- Official logo of the festival
- Frequency: annually
- Location(s): Bournemouth
- Inaugurated: 2004
- Website: www.bournefree.co.uk

= Bourne Free =

Annual LGBT event in Bournemouth, England

Bourne Free is an annual pride festival in Bournemouth, England.

==History==

The festival was established in 2004 when a far right organisation was due to come to Bournemouth to demonstrate against homosexuality. Many prominent figures and active members of the LGBT community in the area came together to organise an event in the Lower Gardens to defend LGBT people from the event and create a day of celebration rather than hostility.

The event included entertainment at The Bandstand, a balloon release with a two-minute silence for victims of hate crime, and Bournemouth's first Gay Pride march. The Bourne Free committee that had organised the event continued organising Bourne Free as an annual charity event. In 2006, event was renamed as the Bourne Free Pride Festival.
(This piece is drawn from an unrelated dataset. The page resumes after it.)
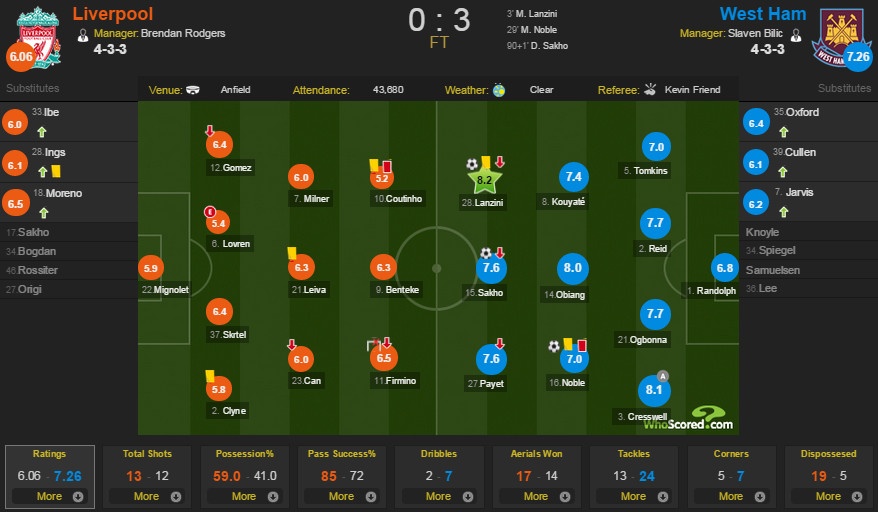Trái ngược với chiến thắng nhẹ nhàng của Man Xanh, Liverpool trải qua 90 phút thất vọng ngay trên sân nhà Anfield. Được đánh giá cao hơn rất nhiều so với West Ham nhưng đoàn quân của huấn luyện viên Brendan Rodgers lại nhận thất bại toàn diện 0-3.

In 2008 the Pride Parade moved onto the streets of Bournemouth. An estimated more than 4,000 people attended the event that year.

In 2020 the event was postponed due to the COVID-19 pandemic. The event returned in person in 2021.

Themes for the event include "Paint the World with your Pride" (2019) and "Stronger Together" (2021).

The theme for 2024 was intended to be "Eurovision" but the organisers scrapped this theme due to the Gaza war, and controversy around Israel's participation in the Eurovision contest. The theme for 2024 was ultimately changed, with the website stating "There is no theme this year. Be you – the vibrant, colourful, beautiful, YOU!"